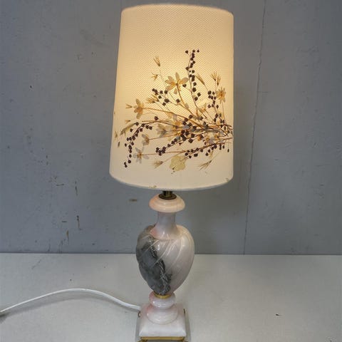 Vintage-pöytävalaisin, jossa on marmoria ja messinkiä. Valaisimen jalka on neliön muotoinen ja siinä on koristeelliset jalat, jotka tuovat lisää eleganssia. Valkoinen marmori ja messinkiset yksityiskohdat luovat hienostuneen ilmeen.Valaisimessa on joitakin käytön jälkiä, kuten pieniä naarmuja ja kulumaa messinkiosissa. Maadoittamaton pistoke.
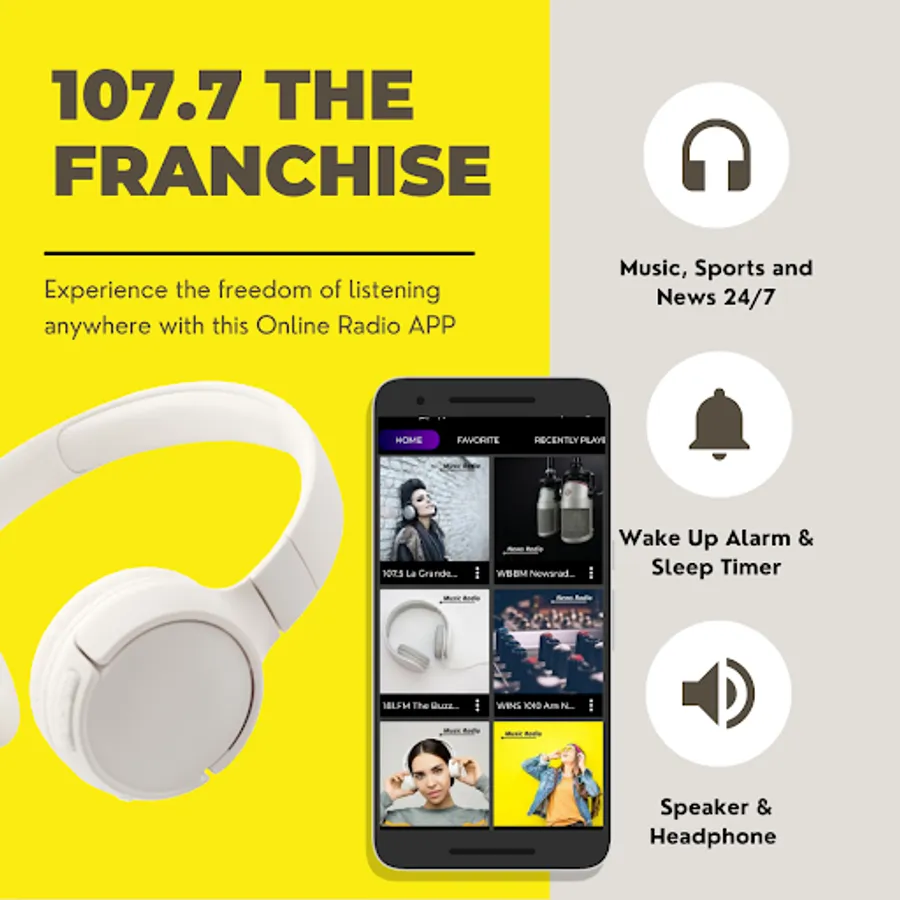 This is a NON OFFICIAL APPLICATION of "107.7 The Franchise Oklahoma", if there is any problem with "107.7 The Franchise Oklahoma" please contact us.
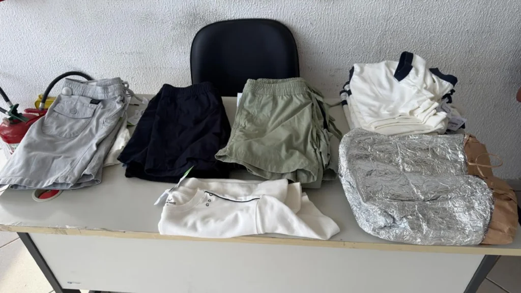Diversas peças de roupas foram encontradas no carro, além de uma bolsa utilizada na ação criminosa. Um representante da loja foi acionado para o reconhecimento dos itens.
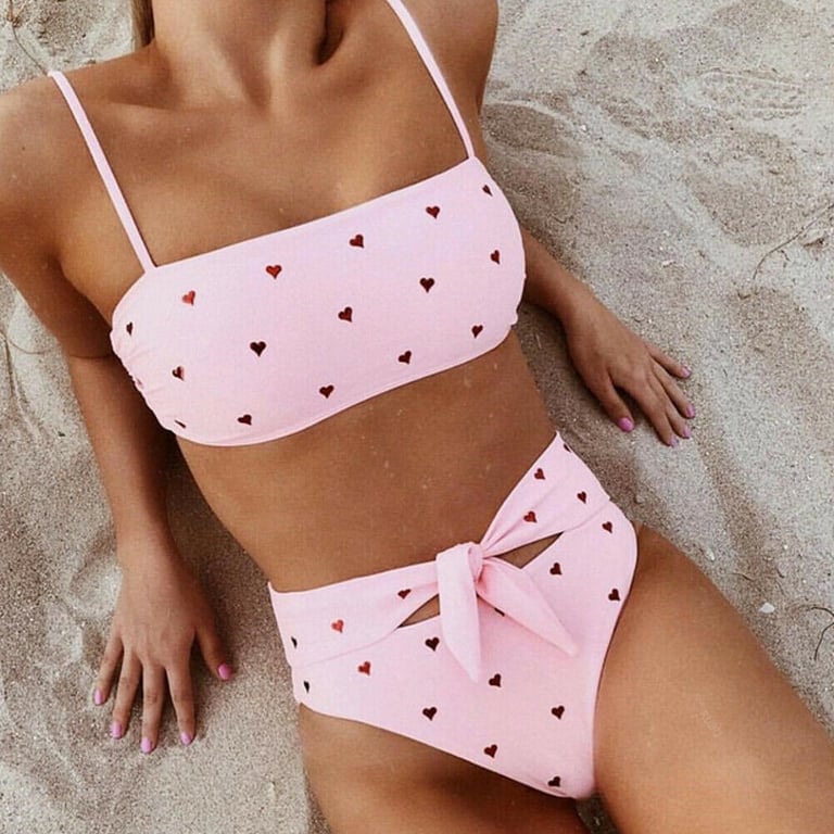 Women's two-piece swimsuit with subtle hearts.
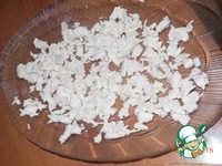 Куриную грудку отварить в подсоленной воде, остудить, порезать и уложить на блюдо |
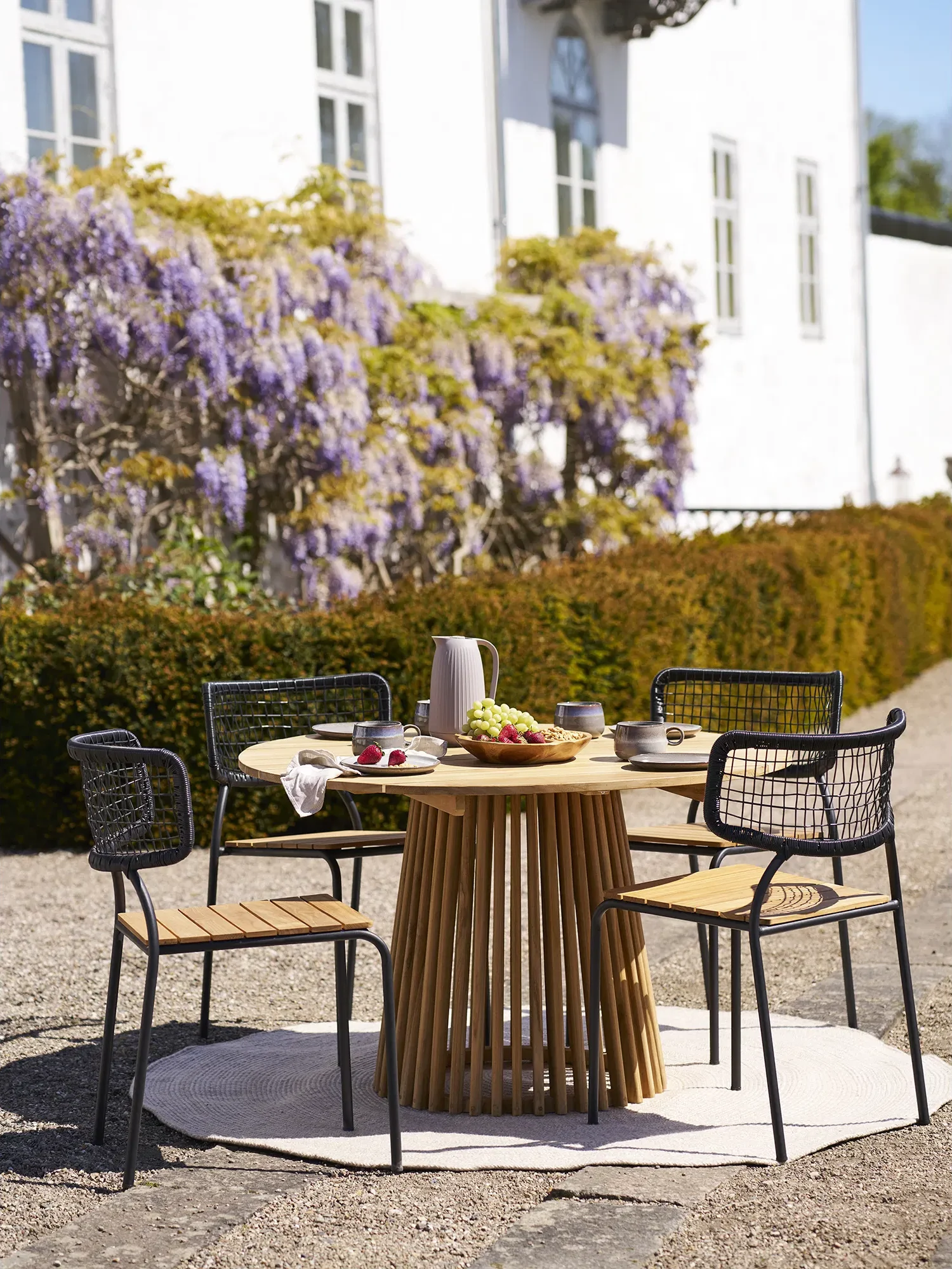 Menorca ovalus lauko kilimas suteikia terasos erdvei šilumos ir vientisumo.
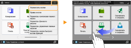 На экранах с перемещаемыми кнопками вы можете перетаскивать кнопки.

• Task goal
The entire listing above is to be copied exactly, with all pictures omitted.

• Task output
 Vintage-pöytävalaisin, jossa on marmoria ja messinkiä. Valaisimen jalka on neliön muotoinen ja siinä on koristeelliset jalat, jotka tuovat lisää eleganssia. Valkoinen marmori ja messinkiset yksityiskohdat luovat hienostuneen ilmeen.Valaisimessa on joitakin käytön jälkiä, kuten pieniä naarmuja ja kulumaa messinkiosissa. Maadoittamaton pistoke.
 This is a NON OFFICIAL APPLICATION of "107.7 The Franchise Oklahoma", if there is any problem with "107.7 The Franchise Oklahoma" please contact us.
Diversas peças de roupas foram encontradas no carro, além de uma bolsa utilizada na ação criminosa. Um representante da loja foi acionado para o reconhecimento dos itens.
 Women's two-piece swimsuit with subtle hearts.
 Куриную грудку отварить в подсоленной воде, остудить, порезать и уложить на блюдо |
 Menorca ovalus lauko kilimas suteikia terasos erdvei šilumos ir vientisumo.
 На экранах с перемещаемыми кнопками вы можете перетаскивать кнопки.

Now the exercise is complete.